I jumped up and ran to the door of my room. It was locked and there was wire over the windows, which would not open anyway. The door was old and I had always thought it probably was not as strong as it looked. I kicked it a couple of times, knowing that would bring Vest in if he was still out there. Nobody came, so I hit it three or four times with my shoulder and it flew open.
The first thing I saw was a cop with a gun. He fired, and right then I thought he had missed me. Later I found out he had not.
I turned and ran, only not back into the room where they had kept me locked up. I got out into a big, dark place where they must have had a couple of hundred sewing machines in the old days. It would have been a good place to hide in, only getting shot at like that had put a real scare into me and I just wanted to get away.
Which I did. The cops had the place surrounded, or thought they did, but I guess they had not seen the door I found. It opened on a stack of old steel drums like you might ship diesel in, with just room enough for me to wiggle between the drums and the wall. When I got out of there, I saw a couple of police cars with searchlights aimed at the building, and soldiers, too, holding the kind of rifles soldiers have.
You can guess what I did next. I got out of there as fast as I could, you know it! I had not gone far when I saw a poster. It was half torn off and somebody had spray painted a short word I could not read on what was left. But it was a picture of the third border guard wearing a suit. Part of the face was gone and there was some spray paint on the rest, but it was him. After that I saw at least two others, not painted and not torn. They did not seem important; still I wondered about them. You would have, too.
The city was mostly dark, but I got lucky and found the district where the bars and clubs and so forth were. They call it the Mousukos. (I found that out later.) There were a lot of places I would have liked to see, only I did not have any money.

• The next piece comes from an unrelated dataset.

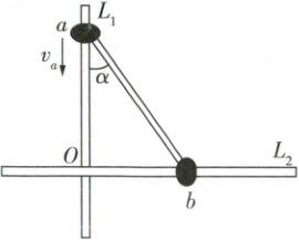 4 [2025 河北保定质量检测]如图所示,竖直平面内固定两根足够长的细杆 $ L_1 $、$ L_2 $,两杆不接触,间距可忽略不计。两个小球 $ a $、$ b $ 均视为质点,$ a $ 球套在竖直杆 $ L_1 $ 上,$ b $ 球套在水平杆 $ L_2 $ 上,$ a $、$ b $ 通过铰链用刚性轻杆连接,当轻杆与竖直方向的夹角为 $ \alpha $ 时,小球 $ a $ 的速度大小为 $ v_a $,则此时小球 $ b $ 的速度大小为( )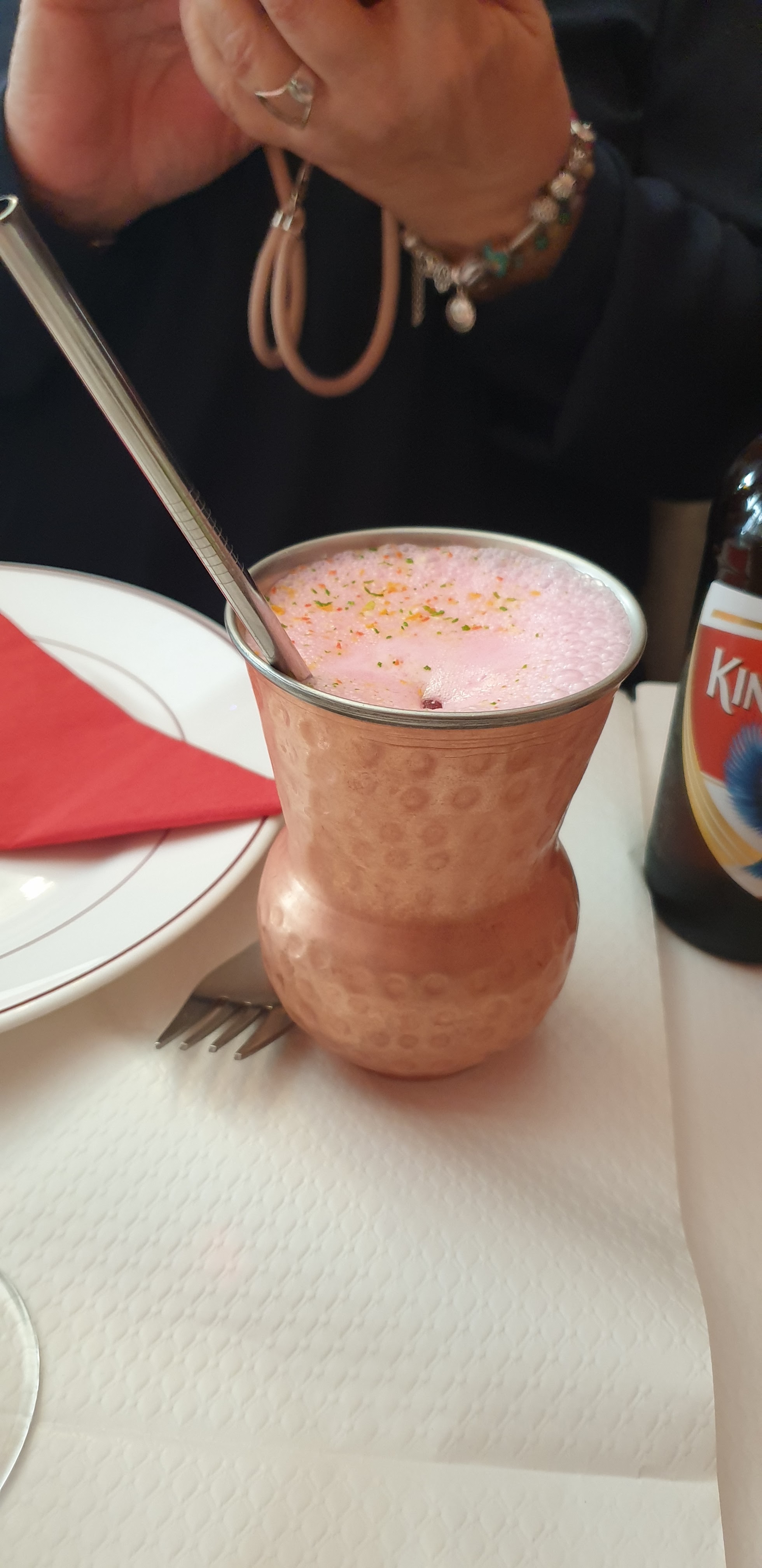 Je déteste le dire, mais je ne peux pas être d'accord avec les nombreuses très bonnes critiques ici... Positif : Le pappadam (gratuit) avec les trois très bonnes sauces. Et le choix inhabituellement large de lassis, dont « Rose » et « Banane ». Négatif : Il y avait vraiment une TRÈS grande quantité d'ail sur le Garlic-Nan - trop de bonne chose pour moi. La « salade verte à la sauce indienne » était plutôt sans sauce (sauf les quartiers de citron qui l'accompagnaient). Le saumon mariné venait de sortir, dommage. Le poulet vindaloo a été assaisonné avec précaution… pas d'explosion de saveur. Le service était sympathique mais pas très attentionné. Les déplacements sont commandés (et coûtent) en supplément. Une carafe d'eau est gratuite.

Also I was bleeding just above my belt. It was not all that bad until my side started to stiffen up. The bullet had almost missed me clean, just not quite. After I found out I had been hit, looking around the Mousukos was not as much fun as it had been, and it had not been a whole lot of fun then. Pretty soon I was just looking for any workable place where I could hole up. There were streets that were no better than alleys, but they stunk and there were rats in them. If I had been in New York or even New Orleans—in LA or Chicago or someplace like that—I might have been able to find a car somebody had forgotten to lock. Then I would have crawled into the back and gone to sleep there, and anybody who found me would just think I had gone over my limit and chase me out. Only this was not New York or New Orleans either, or even Chicago or LA. Those people in the bars and clubs had walked to get there, or maybe ridden in one of the wagons with long benches that would take you downtown for a little change.
I kept looking, but after a while the crowd thinned out and it started to get light. So I went up to a guy who looked pretty decent and asked the way to the park. His German was not as good as mine, but it was better than a lot of people’s and he told me.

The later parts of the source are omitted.